How to build a REST API with Express in Node.js
Building RESTful APIs is fundamental for modern web applications, providing a standardized way for clients to communicate with servers. As the creator of CoreUI with over 12 years of Node.js experience since 2014, I’ve architected numerous REST APIs serving millions of requests. Express is the most popular Node.js framework for building APIs, offering routing, middleware, and request/response handling. This approach follows REST conventions for creating scalable, maintainable backend services.
Use Express to build a REST API with proper routing, middleware, and CRUD operations.
npm install express
Create a basic REST API:
const express = require('express')
const app = express()
// Middleware
app.use(express.json()) // Parse JSON bodies
app.use(express.urlencoded({ extended: true }))

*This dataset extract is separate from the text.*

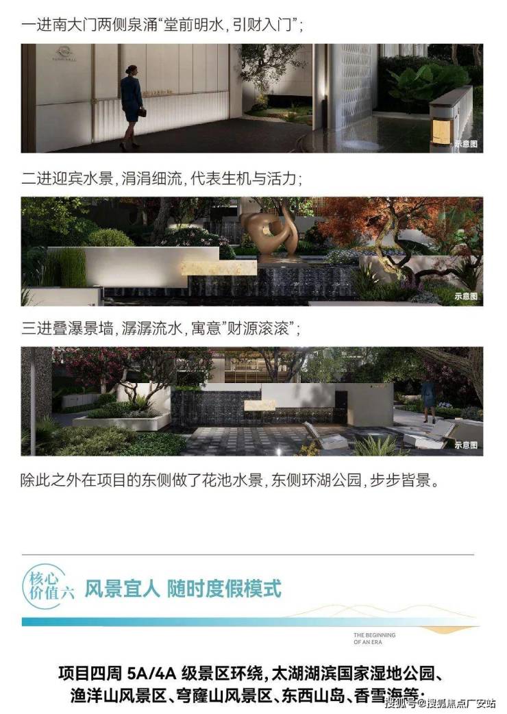 太湖朗墅以“一心·二轴·八巷”为基础,精筑五大未来生活美学体验空间。同时于社区打造约52米、62米超级双门庭界面,以显赫门庭尺度,营造酒店式归家体验。

// In-memory data store (use database in production)
let users = [
{ id: 1, name: 'John Doe', email: '[email protected]' },
{ id: 2, name: 'Jane Smith', email: '[email protected]' }
]
let nextId = 3
// GET - List all users
app.get('/api/users', (req, res) => {
res.json({
success: true,
data: users,
total: users.length
})
})
// GET - Get user by ID
app.get('/api/users/:id', (req, res) => {
const user = users.find(u => u.id === parseInt(req.params.id))
if (!user) {
return res.status(404).json({
success: false,
error: 'User not found'
})
}
res.json({
success: true,
data: user
})
})
// POST - Create new user
app.post('/api/users', (req, res) => {
const { name, email } = req.body
if (!name || !email) {
return res.status(400).json({
success: false,
error: 'Name and email are required'
})
}
const newUser = {
id: nextId++,
name,
email
}
users.push(newUser)
res.status(201).json({
success: true,
data: newUser
})
})
// PUT - Update user
app.put('/api/users/:id', (req, res) => {
const user = users.find(u => u.id === parseInt(req.params.id))
if (!user) {
return res.status(404).json({
success: false,
error: 'User not found'
})
}
const { name, email } = req.body
if (name) user.name = name
if (email) user.email = email
res.json({
success: true,
data: user
})
})
// DELETE - Delete user
app.delete('/api/users/:id', (req, res) => {
const index = users.findIndex(u => u.id === parseInt(req.params.id))
if (index === -1) {
return res.status(404).json({
success: false,
error: 'User not found'
})
}
users.splice(index, 1)
res.json({
success: true,
message: 'User deleted successfully'
})
})
// Error handling middleware
app.use((err, req, res, next) => {
console.error(err.stack)
res.status(500).json({
success: false,
error: 'Something went wrong'
})
})
// 404 handler
app.use((req, res) => {
res.status(404).json({
success: false,
error: 'Route not found'
})
})
const PORT = process.env.PORT || 3000
app.listen(PORT, () => {
console.log(`API server running on port ${PORT}`)
})
With router separation:
// routes/users.js
const express = require('express')
const router = express.Router()
router.get('/', (req, res) => { /* list users */ })
router.get('/:id', (req, res) => { /* get user */ })
router.post('/', (req, res) => { /* create user */ })
router.put('/:id', (req, res) => { /* update user */ })
router.delete('/:id', (req, res) => { /* delete user */ })
module.exports = router
// app.js
const userRoutes = require('./routes/users')
app.use('/api/users', userRoutes)
Best Practice Note
Follow REST conventions: GET for retrieval, POST for creation, PUT/PATCH for updates, DELETE for removal. Always validate input and return appropriate HTTP status codes (200, 201, 400, 404, 500). Use express.json() middleware to parse JSON request bodies. Implement error handling middleware to catch and format errors consistently. Separate routes into modules for better organization. Add CORS middleware for cross-origin requests. This is the foundation we use for CoreUI backend APIs—Express with proper routing, validation, error handling, and RESTful design patterns.